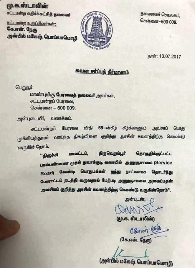 திருச்சி-தஞ்சை தேசிய நெடுஞ்சாலையில் அணுகு சாலை (சர்வீஸ் ரோடு) அமைக்க வலியுறுத்தி தி.மு.க. சார்பில் கவன ஈர்ப்புத் தீர்மானம்!
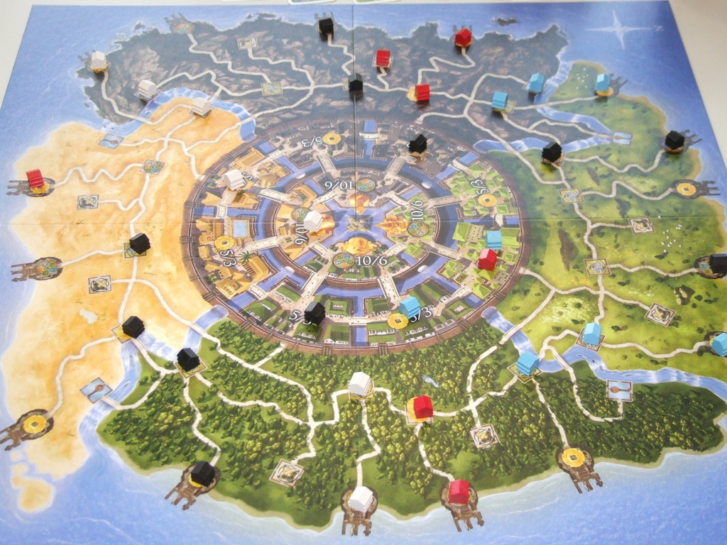 The board shows the island; divided into four geographic regions and with the titular city at the centre. Dotted over the landscape are towns which are connected by roads – starting at the coast, you build trade houses in these towns and then, one connection at a time, make their way inland building trade houses as they go. Your aim is to collect the most Letters of Recommendation (hereafter referred to as points).
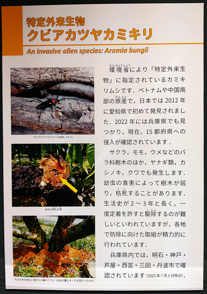 フィールド探査と共に博物館や水族館・動物園巡りをライフワークとする筆者、1月7日には兵庫県立・人と自然の博物館の「昆虫展」で、クビアカツヤカミキリ最近情報をチェックしてきました。(写真⑥⑦⑧) ここには元祖ナチュラリストの小林桂助先生のコーナーがあり、筆者が中学生の時に出会って野鳥に興味を持った「コバケイ図鑑」の著者の先生と共に、淡路島で勃発したオオタカの鶏への食害問題で県と環境省から現地調査に招へいを受けた鼻高々のエピソードもあり、毎年追善供養の報告に訪れています。(⑨⑩)
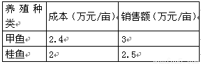 水产养殖专业户王大爷承包了30亩水塘,分别养殖甲鱼和桂鱼.有关成本、销售额见右表:
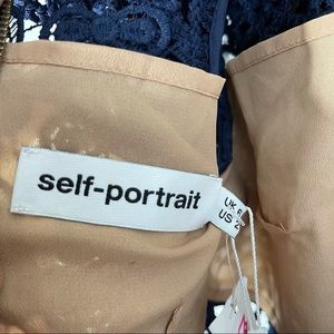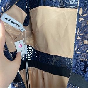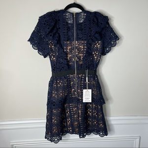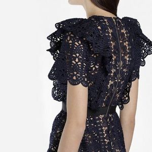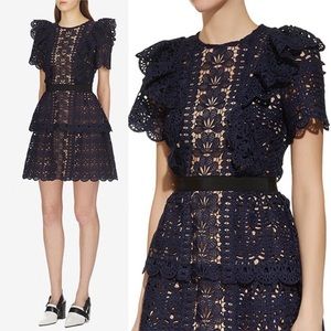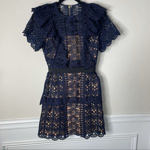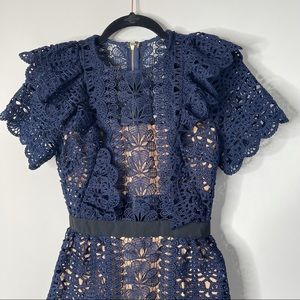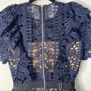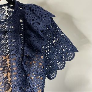 Self Portrait blue navy ruffle guipure mini cocktail dress size 2
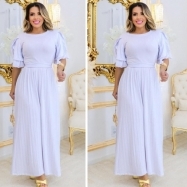 COD 5462 VESTIDO LONGO MALHA E TULE NA COR LILAS CINTO DO MESMO TECIDO VESTE 38 A0 42
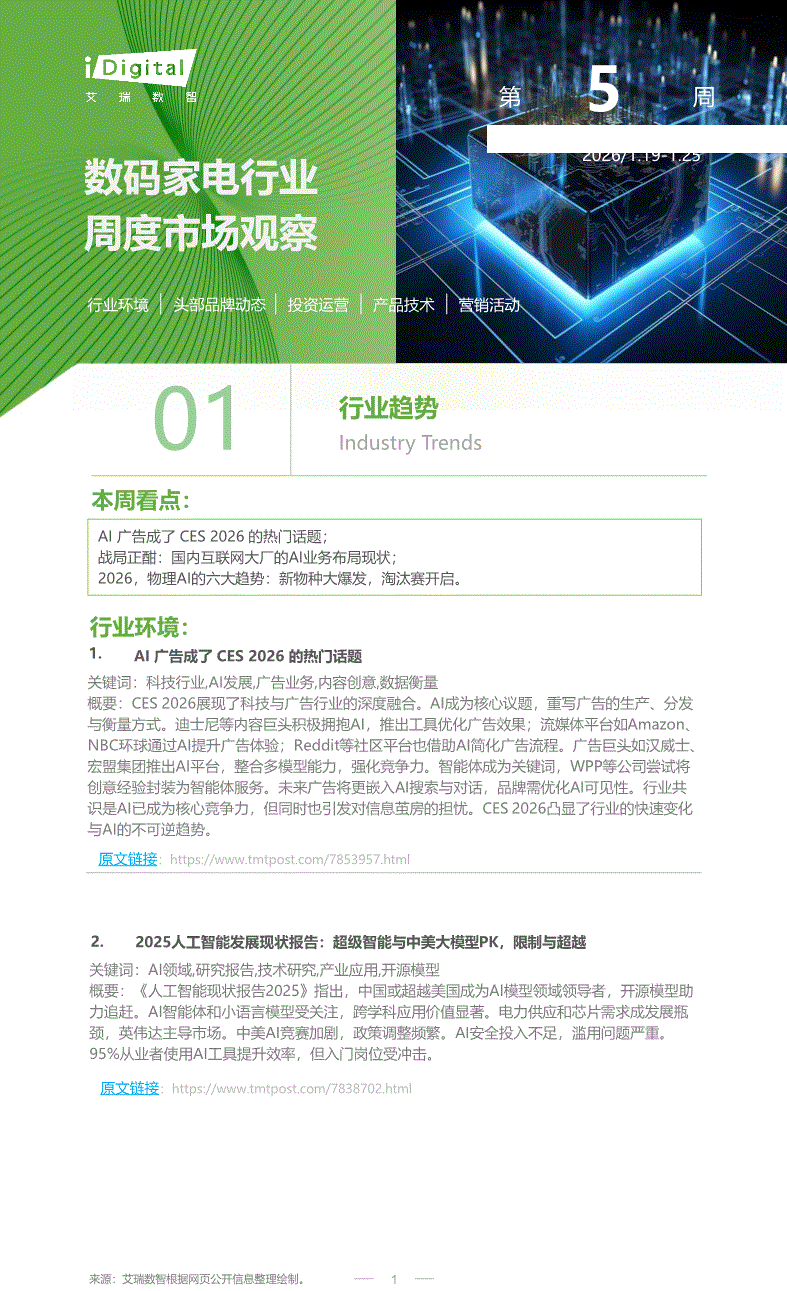 数码家电行业:艾瑞咨询-数码家电行业周度市场观察:2026年第5周-260125

## Required action
Each line from the one containing "COD 5462 VESTIDO" through the end of the records above is to be retyped exactly, with the pictures omitted and nothing added.

## Answer below
 COD 5462 VESTIDO LONGO MALHA E TULE NA COR LILAS CINTO DO MESMO TECIDO VESTE 38 A0 42
 数码家电行业:艾瑞咨询-数码家电行业周度市场观察:2026年第5周-260125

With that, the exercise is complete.